__Exercise details__:
Print only the lines running from the line with "二、双河职业技术学院各专业录取分数线" to the final line below, both included, exactly as written and without the pictures.

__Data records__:
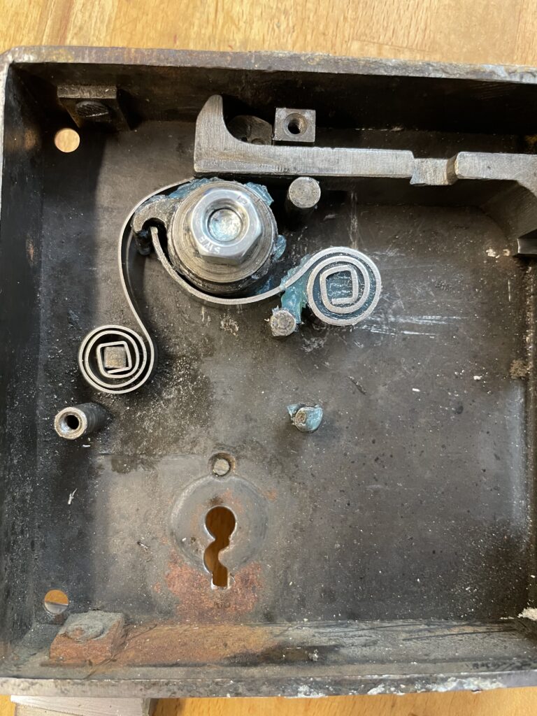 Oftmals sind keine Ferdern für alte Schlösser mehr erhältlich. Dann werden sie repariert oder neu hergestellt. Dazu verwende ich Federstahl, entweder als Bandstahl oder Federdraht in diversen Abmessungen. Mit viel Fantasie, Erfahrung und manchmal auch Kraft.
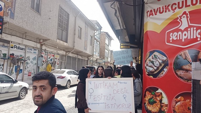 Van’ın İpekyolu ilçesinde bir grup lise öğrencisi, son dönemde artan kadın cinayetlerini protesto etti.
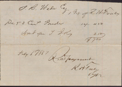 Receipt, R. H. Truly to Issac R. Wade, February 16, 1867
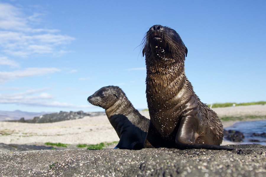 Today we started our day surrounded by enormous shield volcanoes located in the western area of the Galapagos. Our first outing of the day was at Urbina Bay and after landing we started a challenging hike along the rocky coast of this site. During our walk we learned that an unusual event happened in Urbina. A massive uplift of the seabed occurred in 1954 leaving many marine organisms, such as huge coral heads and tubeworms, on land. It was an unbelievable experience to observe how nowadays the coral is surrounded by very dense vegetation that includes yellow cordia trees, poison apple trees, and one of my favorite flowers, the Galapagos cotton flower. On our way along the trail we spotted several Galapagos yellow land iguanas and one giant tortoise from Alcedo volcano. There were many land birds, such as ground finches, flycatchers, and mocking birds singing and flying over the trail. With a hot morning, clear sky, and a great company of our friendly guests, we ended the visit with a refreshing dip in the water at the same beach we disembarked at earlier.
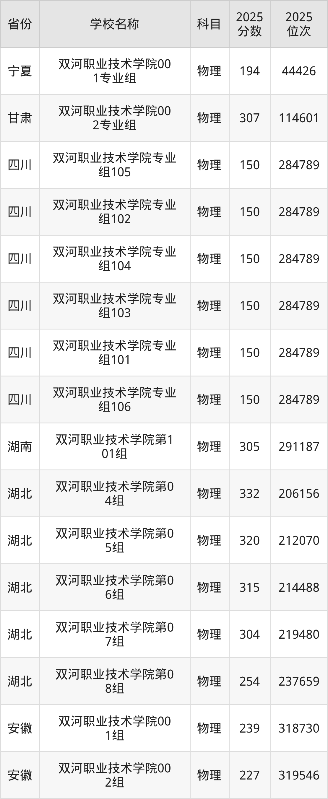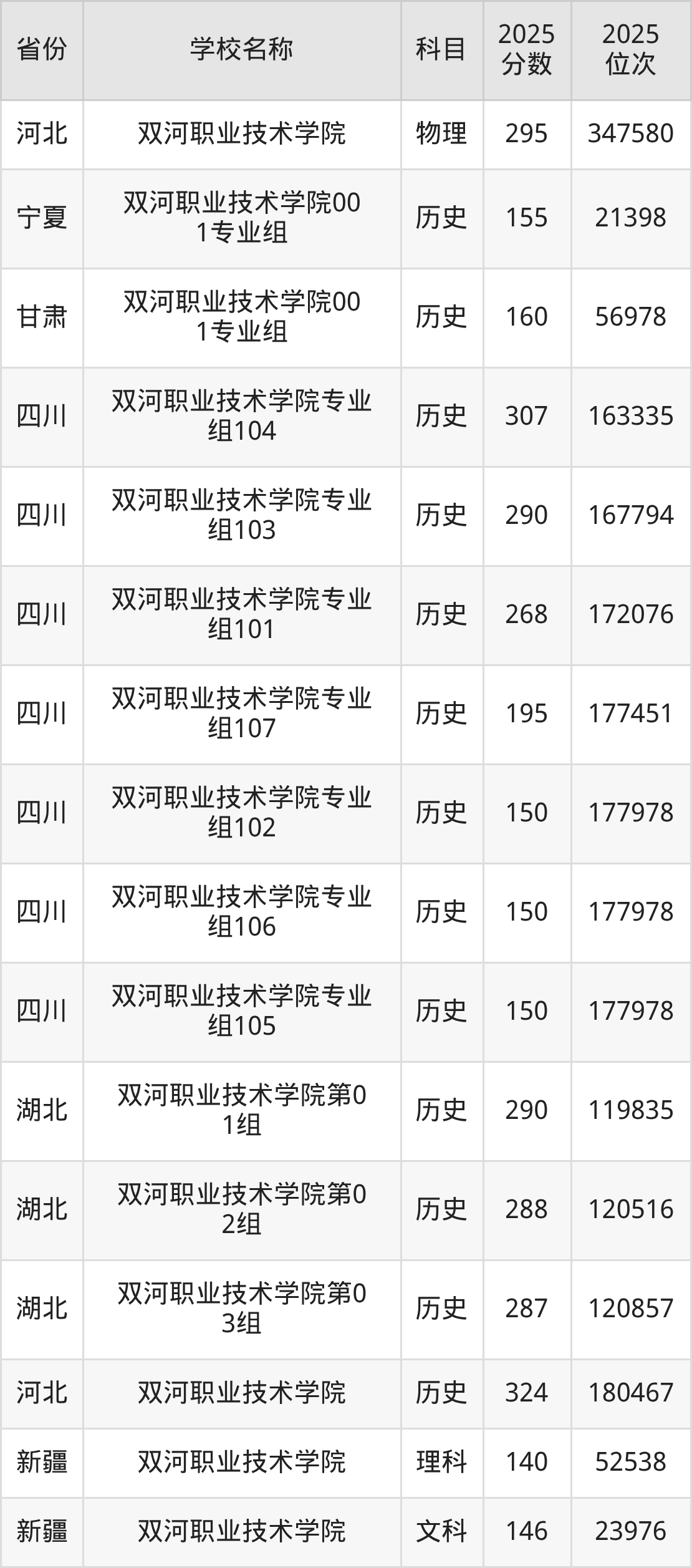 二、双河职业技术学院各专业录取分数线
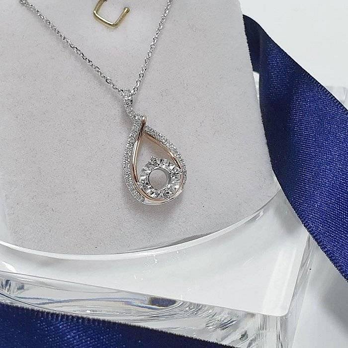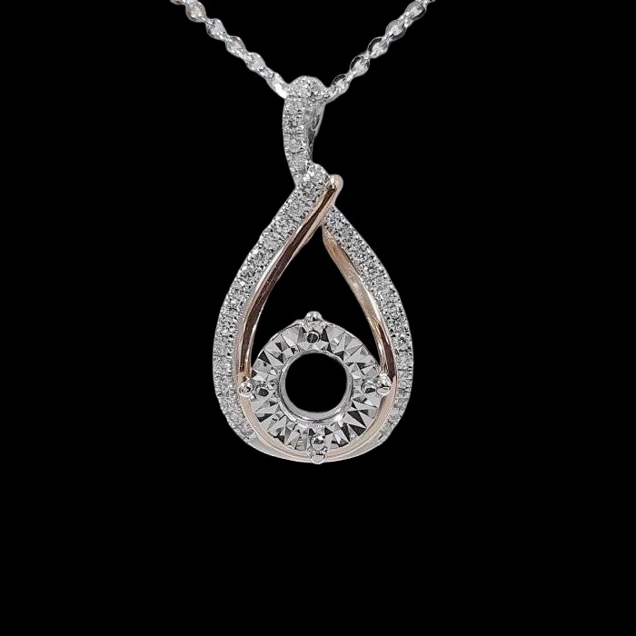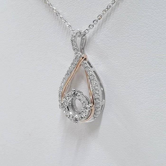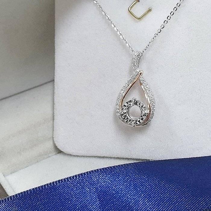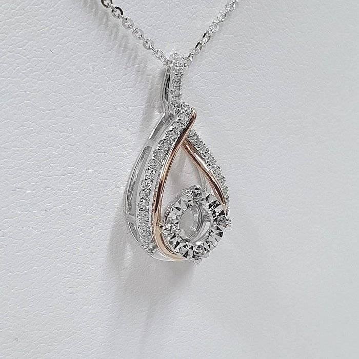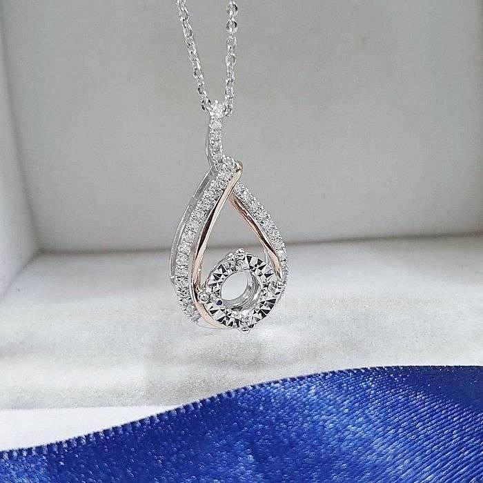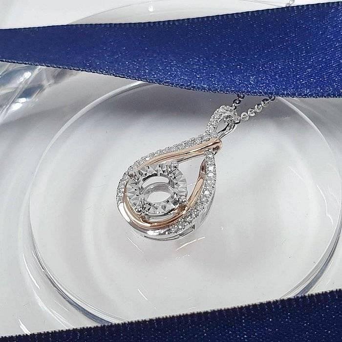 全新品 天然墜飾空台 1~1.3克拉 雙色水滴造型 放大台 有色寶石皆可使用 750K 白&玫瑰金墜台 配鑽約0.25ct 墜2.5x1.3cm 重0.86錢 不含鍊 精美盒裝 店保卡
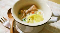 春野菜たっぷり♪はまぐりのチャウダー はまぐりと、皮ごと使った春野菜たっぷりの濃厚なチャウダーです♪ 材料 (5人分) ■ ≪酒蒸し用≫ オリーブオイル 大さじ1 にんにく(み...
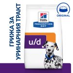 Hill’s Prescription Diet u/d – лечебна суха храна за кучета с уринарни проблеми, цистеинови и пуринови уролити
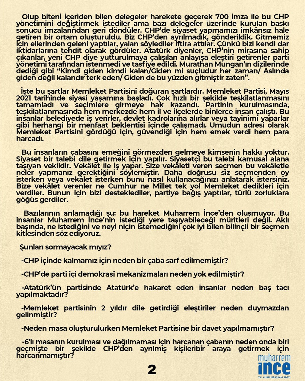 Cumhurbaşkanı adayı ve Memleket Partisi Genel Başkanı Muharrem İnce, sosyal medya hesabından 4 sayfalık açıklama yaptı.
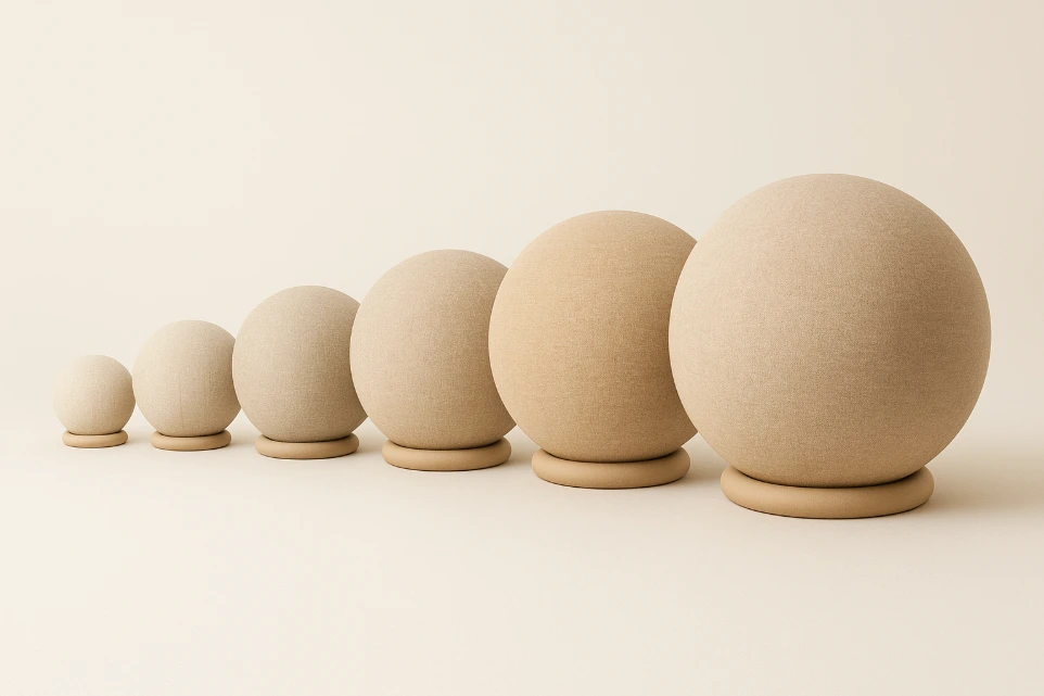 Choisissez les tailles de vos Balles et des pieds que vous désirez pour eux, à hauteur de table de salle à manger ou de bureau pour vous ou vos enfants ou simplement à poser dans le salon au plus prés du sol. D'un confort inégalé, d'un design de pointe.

__Written response__:
 二、双河职业技术学院各专业录取分数线
 全新品 天然墜飾空台 1~1.3克拉 雙色水滴造型 放大台 有色寶石皆可使用 750K 白&玫瑰金墜台 配鑽約0.25ct 墜2.5x1.3cm 重0.86錢 不含鍊 精美盒裝 店保卡
 春野菜たっぷり♪はまぐりのチャウダー はまぐりと、皮ごと使った春野菜たっぷりの濃厚なチャウダーです♪ 材料 (5人分) ■ ≪酒蒸し用≫ オリーブオイル 大さじ1 にんにく(み...
 Hill’s Prescription Diet u/d – лечебна суха храна за кучета с уринарни проблеми, цистеинови и пуринови уролити
 Cumhurbaşkanı adayı ve Memleket Partisi Genel Başkanı Muharrem İnce, sosyal medya hesabından 4 sayfalık açıklama yaptı.
 Choisissez les tailles de vos Balles et des pieds que vous désirez pour eux, à hauteur de table de salle à manger ou de bureau pour vous ou vos enfants ou simplement à poser dans le salon au plus prés du sol. D'un confort inégalé, d'un design de pointe.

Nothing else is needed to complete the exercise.